Excerpts from a dataset
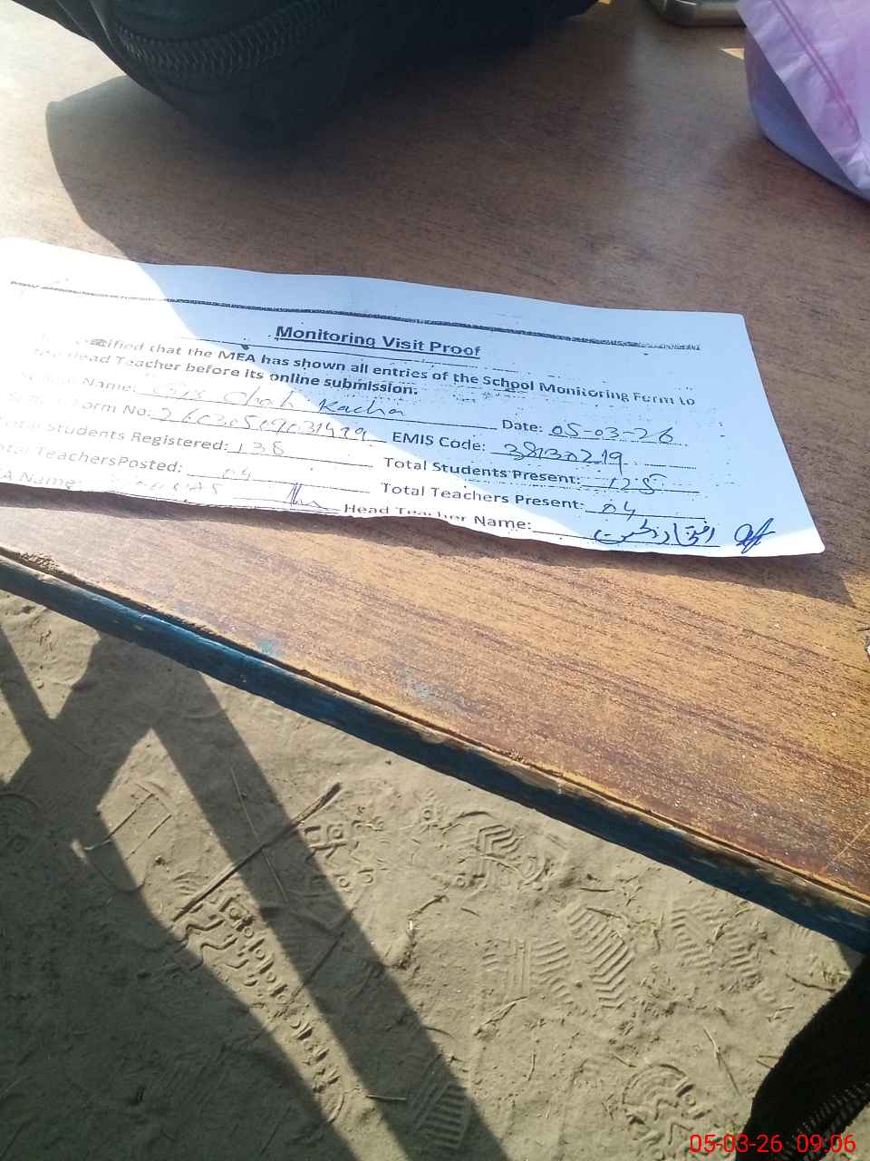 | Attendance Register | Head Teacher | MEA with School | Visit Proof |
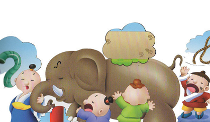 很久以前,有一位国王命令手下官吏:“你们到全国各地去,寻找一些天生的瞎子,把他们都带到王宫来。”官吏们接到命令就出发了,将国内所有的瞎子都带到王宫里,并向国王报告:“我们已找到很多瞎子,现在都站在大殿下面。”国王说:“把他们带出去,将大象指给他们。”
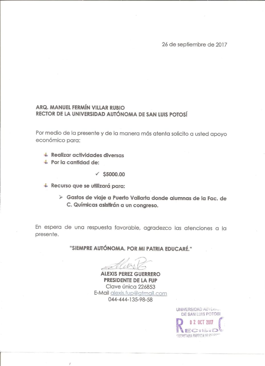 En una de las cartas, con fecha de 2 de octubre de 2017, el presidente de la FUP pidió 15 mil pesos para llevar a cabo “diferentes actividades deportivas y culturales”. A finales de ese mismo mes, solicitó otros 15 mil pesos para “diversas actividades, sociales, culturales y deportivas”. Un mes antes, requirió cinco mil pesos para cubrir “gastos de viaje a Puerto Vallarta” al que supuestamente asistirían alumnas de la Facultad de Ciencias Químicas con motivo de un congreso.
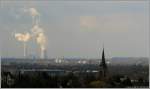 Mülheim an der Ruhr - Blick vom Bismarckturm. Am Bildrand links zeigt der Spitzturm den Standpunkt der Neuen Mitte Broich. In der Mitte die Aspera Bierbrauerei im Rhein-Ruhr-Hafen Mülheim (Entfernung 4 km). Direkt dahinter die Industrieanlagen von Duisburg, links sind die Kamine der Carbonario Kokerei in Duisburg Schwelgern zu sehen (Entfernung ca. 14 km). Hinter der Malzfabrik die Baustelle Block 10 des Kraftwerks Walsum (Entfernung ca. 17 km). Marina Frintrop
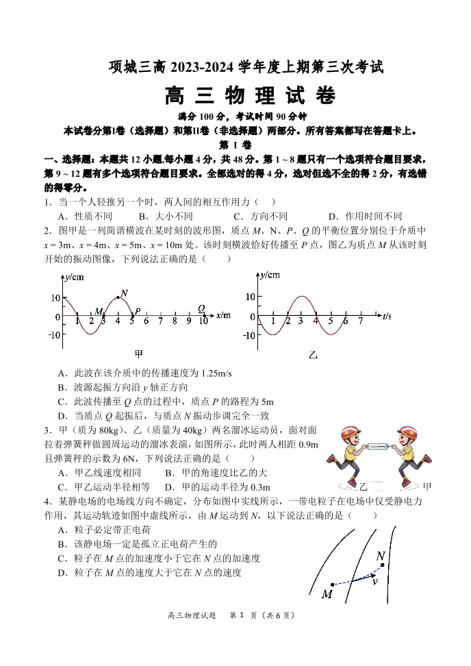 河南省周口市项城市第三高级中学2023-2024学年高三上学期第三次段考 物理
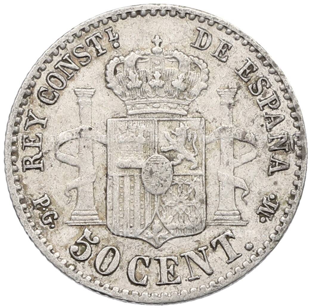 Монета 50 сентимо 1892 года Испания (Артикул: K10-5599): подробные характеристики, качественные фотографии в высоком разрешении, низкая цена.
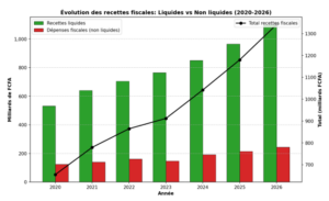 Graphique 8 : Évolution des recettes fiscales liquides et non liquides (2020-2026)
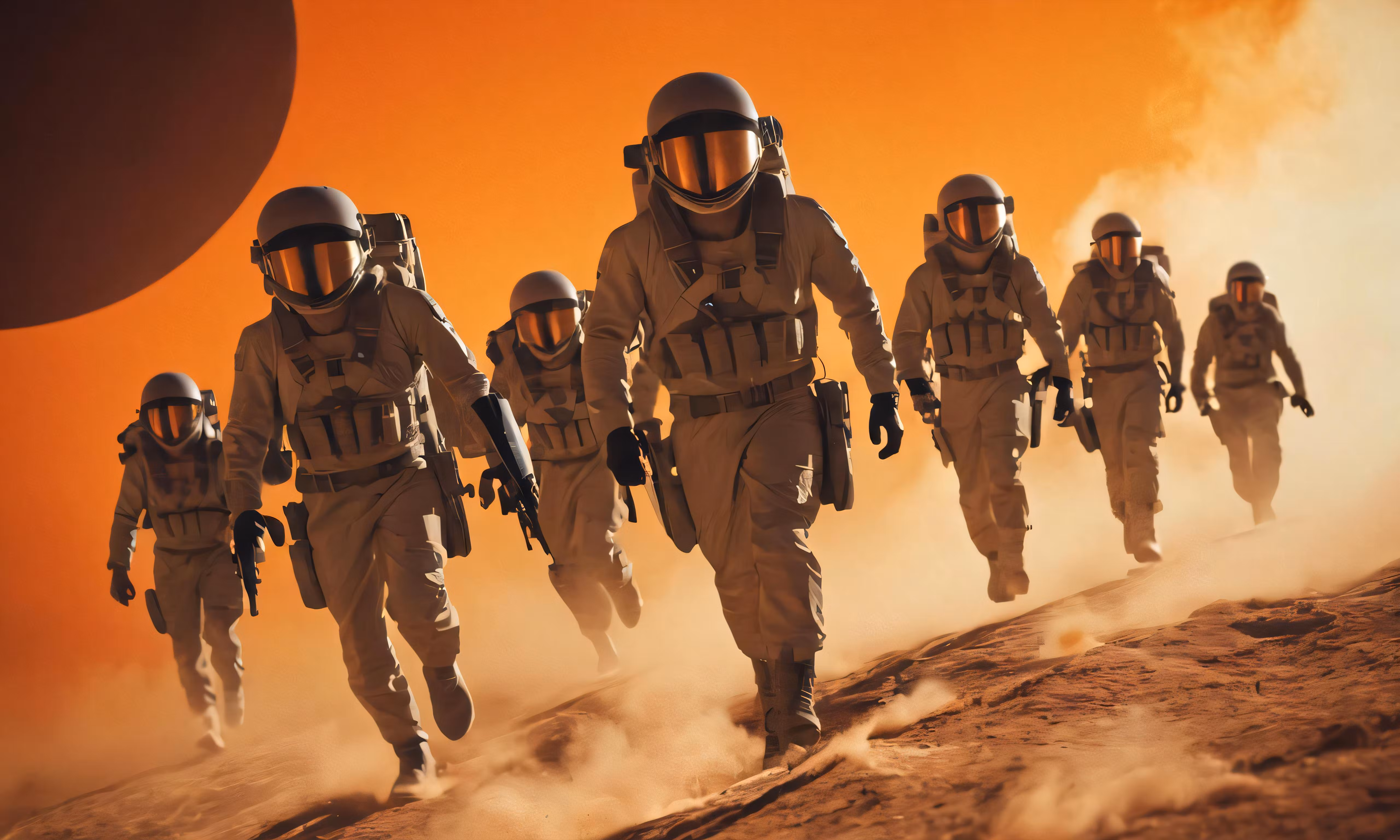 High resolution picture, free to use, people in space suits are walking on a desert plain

Problem requirements:
Copy only what lies between the line with "河南省周口市项城市第三高级中学2023-2024学年高三上学期第三次段考 物理" and the line with "Graphique 8 : Évolution", those two lines included, exactly as given above; pictures stay out.

Response area:
 河南省周口市项城市第三高级中学2023-2024学年高三上学期第三次段考 物理
 Монета 50 сентимо 1892 года Испания (Артикул: K10-5599): подробные характеристики, качественные фотографии в высоком разрешении, низкая цена.
 Graphique 8 : Évolution des recettes fiscales liquides et non liquides (2020-2026)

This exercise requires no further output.